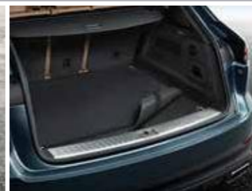
Dvostrana prostirka za gepek sa rubovima od imitacije kože Od 340,10 KM (sa PDV-om)*
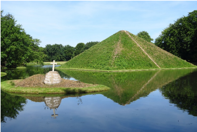
Erdpyramide im Park Branitz

Nach der Mittagspause begegnen Ihnen ein weiteres Mal die Gartenträume von Fürst von Pückler-Muskau. Nachdem er sein Schloss und den Landschaftspark in Muskau verkaufen musste, begann er 1846 mit der Umgestaltung von Schloss Branitz und der Anlage eines weitläufigen Landschaftsparks. Einzigartig sind die beiden Erdpyramiden , die zu den Höhepunkten romantischer Gartenbaukunst in Deutschland zählen. In einer der Pyramiden fanden der Fürst und seine Frau ihre letzte Ruhestätte.

[Assignment]: Return solely the count of lines in the data above in which the word "Branitz" occurs.

[Expected answer]: 2